Each variant carries different fields. You cannot accidentally attach a candidate_name to a ballot measure or a passage_threshold to a candidate race.

CandidateRace

The common case. A person is running for an office and received votes.

FieldTypeDescription
resultsVec<CandidateResult>One entry per candidate in the contest

Each CandidateResult contains:

FieldTypeDescription
candidate_nameCandidateNameDecomposed name (raw, first, middle, last, suffix, nickname, canonical_first)
partyPartyRaw string + normalized enum
votes_totalu64Total votes received
vote_shareOption<f64>Percentage of total contest votes
vote_counts_by_typeVoteCountsByTypeBreakdown: election_day, early, absentee_mail, provisional

Examples of CandidateRace contests:

  • US SENATE — federal
  • GOVERNOR — state
  • COLUMBUS COUNTY SCHOOLS BOARD OF EDUCATION DISTRICT 02 — local
  • SHERIFF — county

BallotMeasure

Voters choose between options (typically “For”/“Against” or “Yes”/“No”) on a proposition, bond, amendment, or referendum.

FieldTypeDescription
choicesVec<BallotChoice>One entry per option
measure_typeBallotMeasureTypeBond, amendment, referendum, etc.
passage_thresholdOption<f64>Required vote share for passage (e.g., 0.60 for a bond requiring 60%)

Each BallotChoice contains:

FieldTypeDescription
choice_textString“For”, “Against”, “Yes”, “No”, or other option text
votes_totalu64Votes for this choice
vote_shareOption<f64>Percentage of total votes

The BallotMeasureType enum: Bond, ConstitutionalAmendment, Referendum, Initiative, Recall, Retention, Levy, Advisory, Other.

Why this prevents name confusion

Without the BallotMeasure variant, the L1 parser would treat “For” and “Against” as candidate names. They would flow into entity resolution at L3, where the system would try to find other elections where “For” ran for office. By assigning ballot measures to their own variant at parse time, the choice_text field is never passed to the name decomposition or embedding logic.

Detection at L1 uses two signals:

  • The contest name contains keywords: “bond”, “amendment”, “referendum”, “proposition”, “measure”, “levy”, “question”.
  • The choice values are in the set {“For”, “Against”, “Yes”, “No”, “Bonds”, “No Bonds”}.

TurnoutMetadata

Not a contest at all.

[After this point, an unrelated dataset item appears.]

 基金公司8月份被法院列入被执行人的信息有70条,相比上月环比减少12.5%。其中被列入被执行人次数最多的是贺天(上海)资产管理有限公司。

These rows carry precinct-level registration and turnout counts that sources embed in the results file as pseudo-contests.

FieldTypeDescription
registered_votersOption<u64>Registered voter count for this precinct
ballots_castOption<u64>Total ballots cast in this precinct

Source examples that produce TurnoutMetadata records:

Sourceoffice / Contest Name valuecandidate / Choice value
MEDSLREGISTERED VOTERSREGISTERED VOTERS
MEDSLBALLOTS CAST - TOTALBALLOTS CAST
NC SBERegistered Voters - Total(numeric total in vote column)
OpenElections FLRegistered Voters(numeric total)

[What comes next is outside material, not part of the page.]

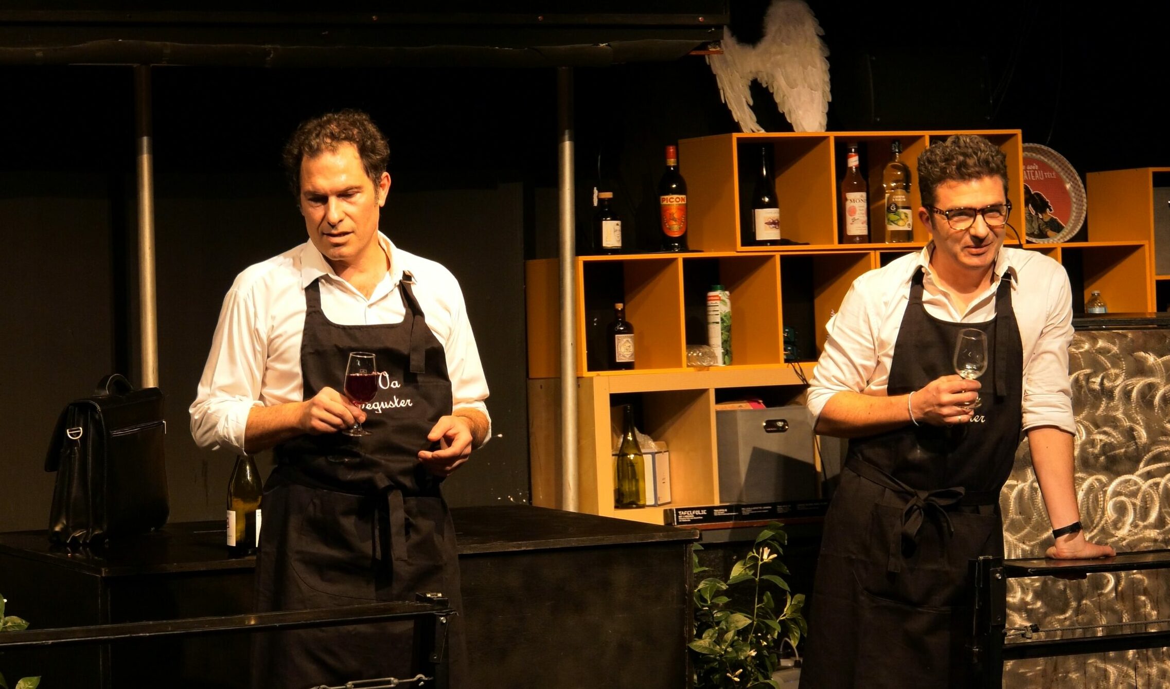 On va déguster est une dégustation-spectacle aussi sérieuse qu’absurde. Sylvain et Sébastien, diplômés en œnologie à l’Université de Cognac, invitent

Detection at L1: the contest name matches a known set of turnout keywords (REGISTERED VOTERS, BALLOTS CAST, BALLOTS CAST - TOTAL, BALLOTS CAST - BLANK). When detected, the vote count is extracted into registered_voters or ballots_cast, and the record is tagged as TurnoutMetadata rather than CandidateRace.

These extracted turnout values backfill the turnout section of other records in the same precinct. Currently, turnout data is populated for less than 5% of records because most MEDSL state files do not include registration count rows.

Classification at L1

Contest kind assignment happens during L1 parsing — the deterministic layer. No ML, no embeddings, no API calls. The decision tree:

  1. Does the contest name match a turnout keyword? → TurnoutMetadata
  2. Do the choice values match ballot measure patterns (“For”/“Against”/“Yes”/“No”)? → BallotMeasure
  3. Does the contest name contain ballot measure keywords? → BallotMeasure
  4. Otherwise → CandidateRace

This classification is stored in the record and carried through all subsequent layers. L2 embeds only CandidateRace records for entity resolution. L3 matches only CandidateRace records. BallotMeasure and TurnoutMetadata records pass through L2–L4 without modification beyond provenance tracking.